If you think the name is a mouthful wait until you taste it!
Ingredients
- for the pork and spice marinade:
- 1 kg pork tenderloin cut into 12-3oz portions
- 1/2 teaspoon ground cumin
- 1/2 teaspoon cracked black pepper
- 2 cloves of garlic (minced finely)
- 1/4 teaspoon dried oregano
- 1/4 orange (juice)
- 1/2 lemon (juice)
- 1/2 lime (juice)
- 1 tblsp olive oil
- for the chutney:
- 1 lb rhubarb
- 5 oz cooking apples (diced)
- 2.5 oz onions diced
- 2.5 oz golden sultanas
- 5 oz brown sugar
- 5 floz balsamic vinegar
- 0.5 tsp chipotle chilli powder
- 0.5 tsp salt
- for the plantains:
- 2 medium ripe plantains (peeled)
- 1/2 cup neutral oil (rapeseed or canola)
- salt and pepper to taste
Method
- The Pork and Spice Marinade:
- Combine all of the spices and liquid ingredients in a bowl and mix to form a paste.
- In a large resealable bag, add the paste and the pork and marinate no more than six hours. This is important as the acid in the fruit may cook the pork fully.
- Heat a grill pan or sauté pan to medium to high heat. Add oil and cook for six minutes on each side.
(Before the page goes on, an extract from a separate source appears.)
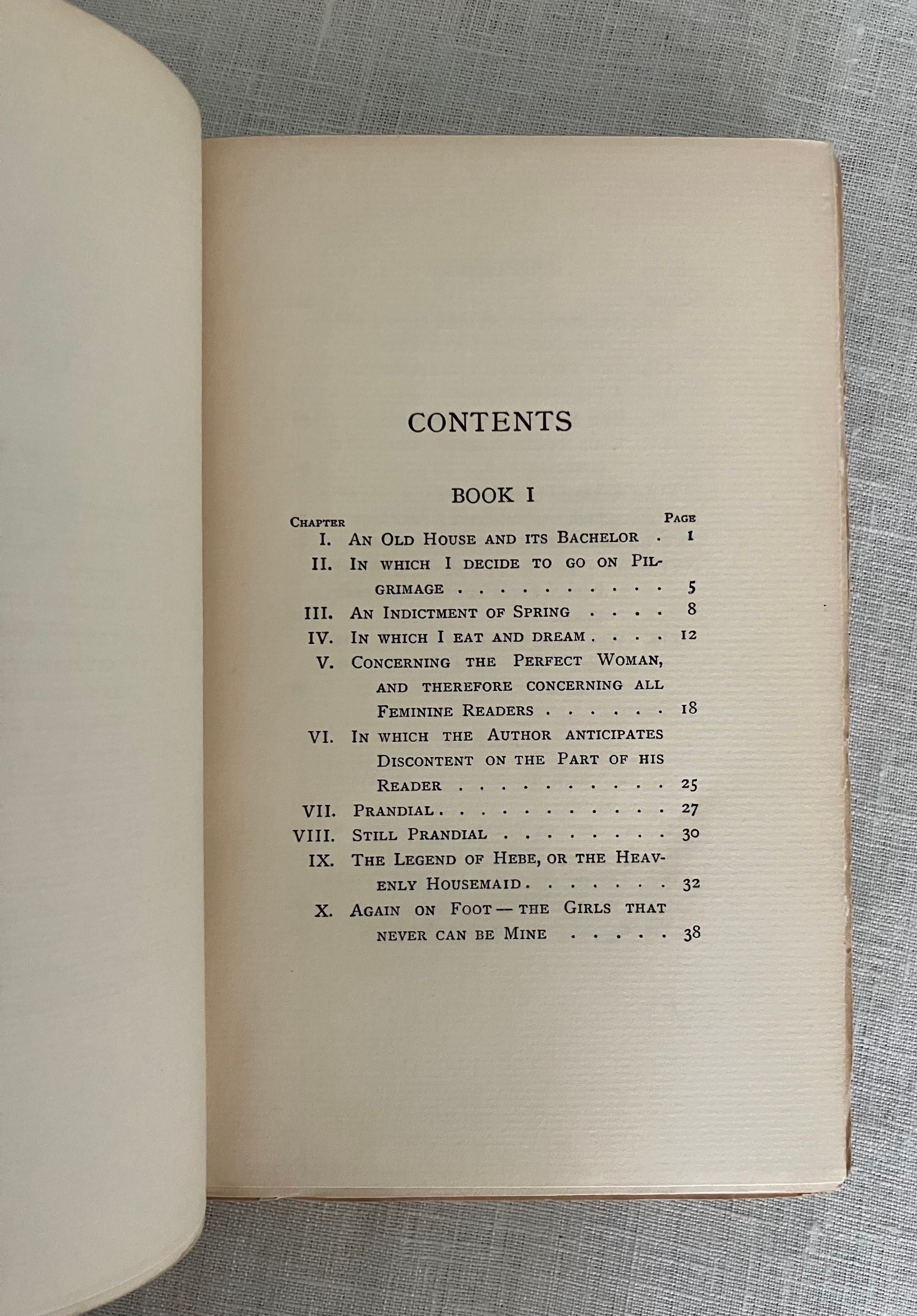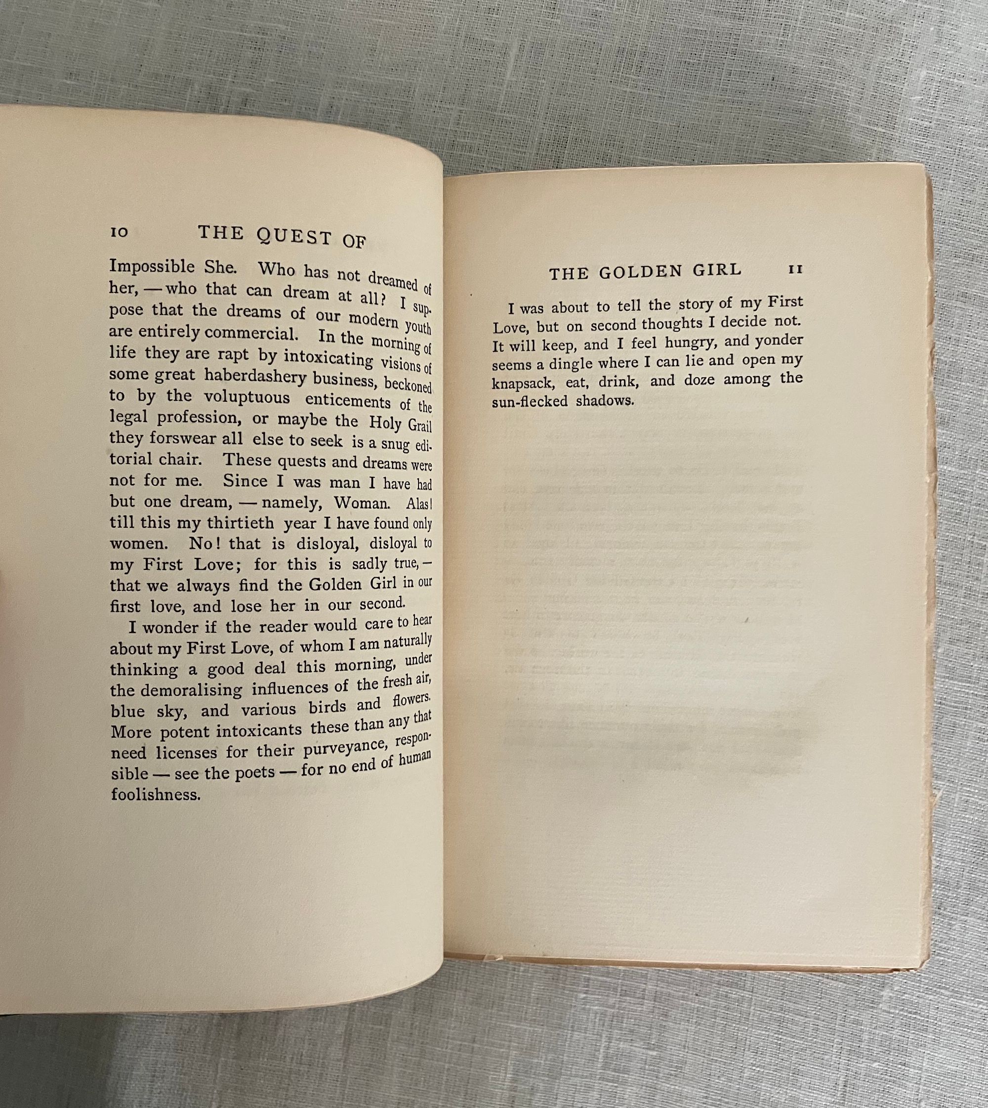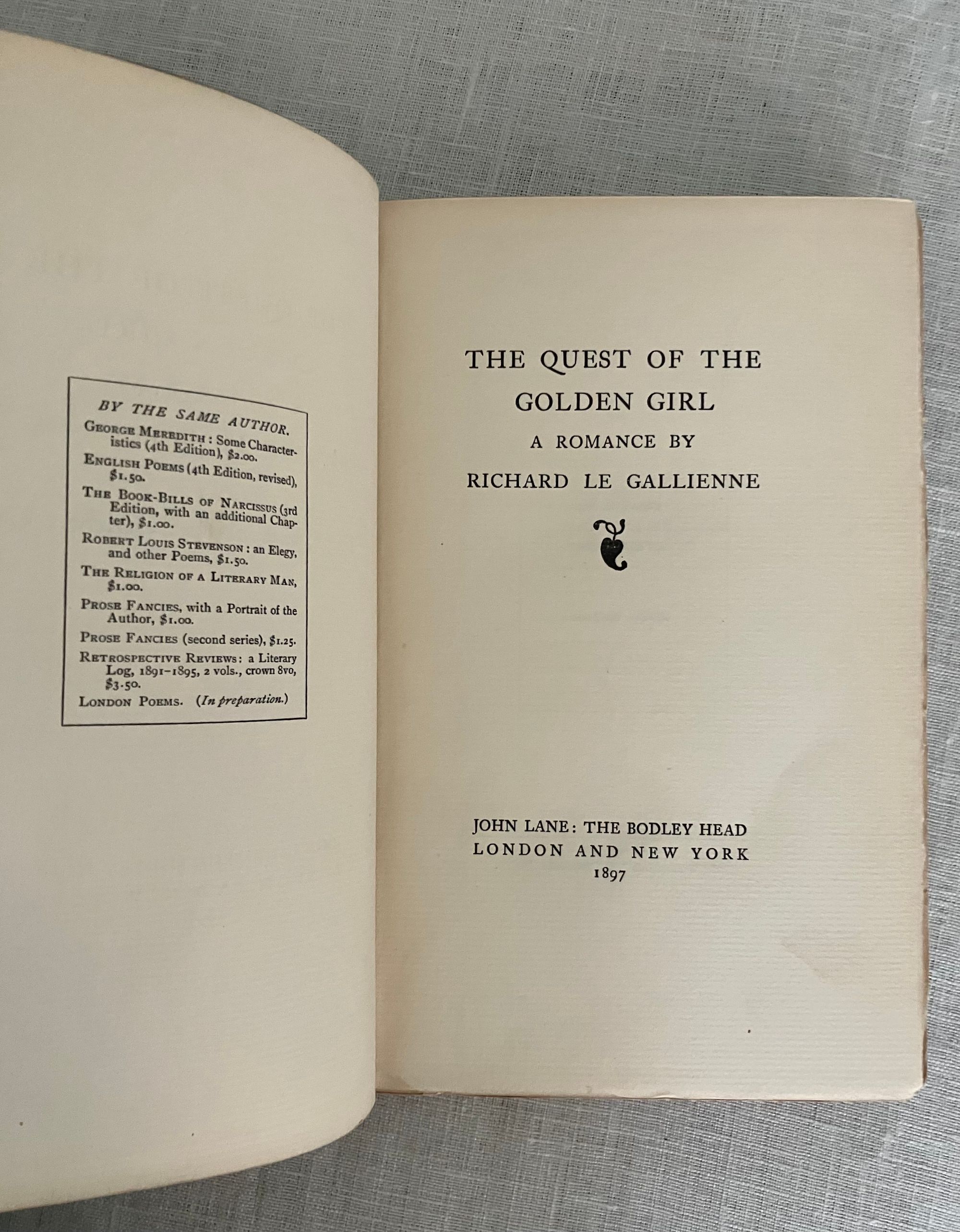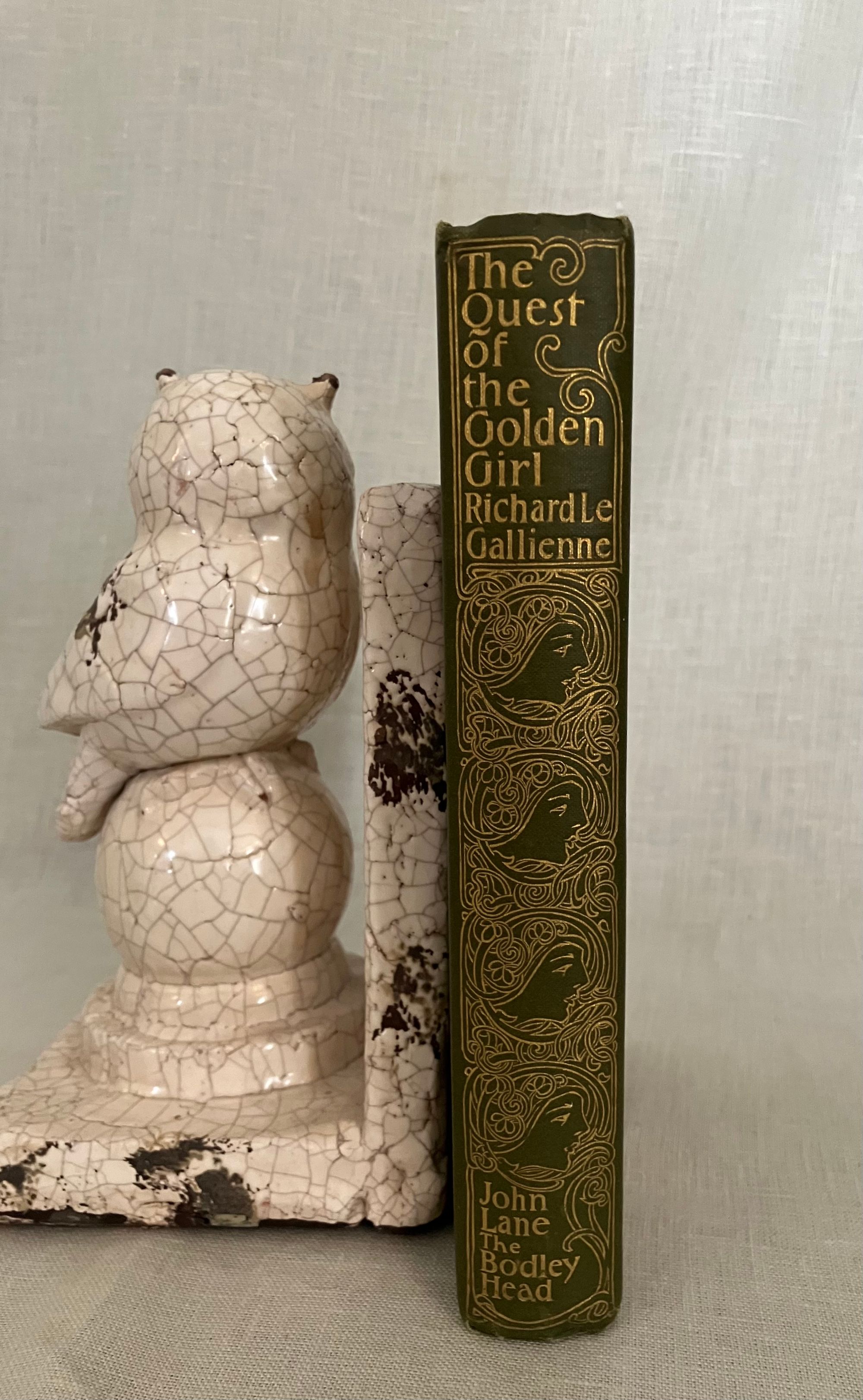 Fifth Edition, of 1896 original. Hard cover, 8vo, in green cloth , the boards blocked in gilt with design by Will H. Bradley in a twining, Art Nouveau depiction of a young woman's face in profile, repeated among twining organic flowering vines to front board and along spine. Rear board is plain. Printed on laid paper, top edge gilt, other page edges untrimmed. 307pp plus 1897 dated publisher's catalogue in 16pp. Printer's colophon of John Wilson and Son, University Press. **CONDITION: Very Good Plus, with one lightly bumped corner upper right board and one small dent at fore edge board. Head of spine lightly crimped, as seen. Otherwise very lightly age toned, gilt remaining bright. Some bookseller notations in pencil to paste downs. Joints and hinges in order. **This turn of the century "romantic novel" is actually a rather comic and modern satiric take on a thirty-year old English bachelor's belated quest for romantic fulfillment. Starting out with the highest of ideals and a poetic bent, he literally hits the road, rather in Don Quixote style, to wander along the byways of Sussex in search of this mystical dryad, the woman of his dreams. At an inn, he accumulates some personal remnants of a young lady named Sylvia Joy, around whom he builds a fantasy of perfection and devotes himself to finding her. Along the way, though, he happily partakes in some casual affairs, and encounters various couples who begin to temper his Romantic expectations of the perfection of the marital state, in a story with almost Shakespearean levels of coincidence and humor. He will, in the end, find his intended, after a few brushes with some radical modern thinking, and meeting several " New Women" liberated from traditional mores. (In this, the work has been described as a bridge between the Romantic and Decadent movements.) It is a wonderful read, all the more so because written by a "moonstruck" male.**Liverpool-born AUTHOR and poet RICHARD LE GALLIENNE(1866-1947), had a complex personal life, with several marriages as well as an early affair with the writer Oscar Wilde. He was associated with The Rhymers Club, Yeats and would publish books of poetry, biography as well as novels, and contributed to the Yellow Book. His travels took him to New York, France and Monaco. He was also father to celebrated actress Eva Le Gallienne. Massachusetts typographer and graphic designer WILL H. BRADLEY's (1868-1962) work is very collectible. He worked earliest in his career at the University Press, Boston, thereafter at his own Springfield, MA Wayside Press, and later at New York's William E. Rudge. Very reminiscent of the book cover design work of Laurence Housman: See our items Nos. 9729 and 9668 for these cover designs. Some of Bradley's original designs were sold on to be used by other publishers, such as tJohn Lane and The Bodley Head. Bambace p. vii). REF: A. Bambace, "Will H. Bradley: His Work, A Bibliographical Guide," (Oak Knoll, New Castle DE, 1995.) A14. Morris and Levin (2000) No. 70. (AMJ)

Do not over cook.
- When cooked through take pork out of the pan and let rest for five minutes before serving.
- The Chutney:
- Wash rhubarb and cut it up into small pieces.
- Peel and chop the apples and onions.
- Put all the ingredients into a stainless steel saucepan and heat carefully until boiling, stirring until the sugar has dissolved.
- Simmer for at least 45 minutes, stirring occasionally.
- When mixture is thick take off heat.
- This mixture can then be jarred and stored in a cool, dark place.
- The Plantains:
- Slice plantains on a bias into ¼ inch slices.
- Heat a frying pan on medium heat and add oil.
- Place the plantains carefully in the pan and pan fry on each side for 3 minutes or until brown but still al dente.
- Take off and drain on paper towels.
- Assemble three slices of plantains on a plate top with a slice of pork each and finish with topping each with a spoonful of chutney.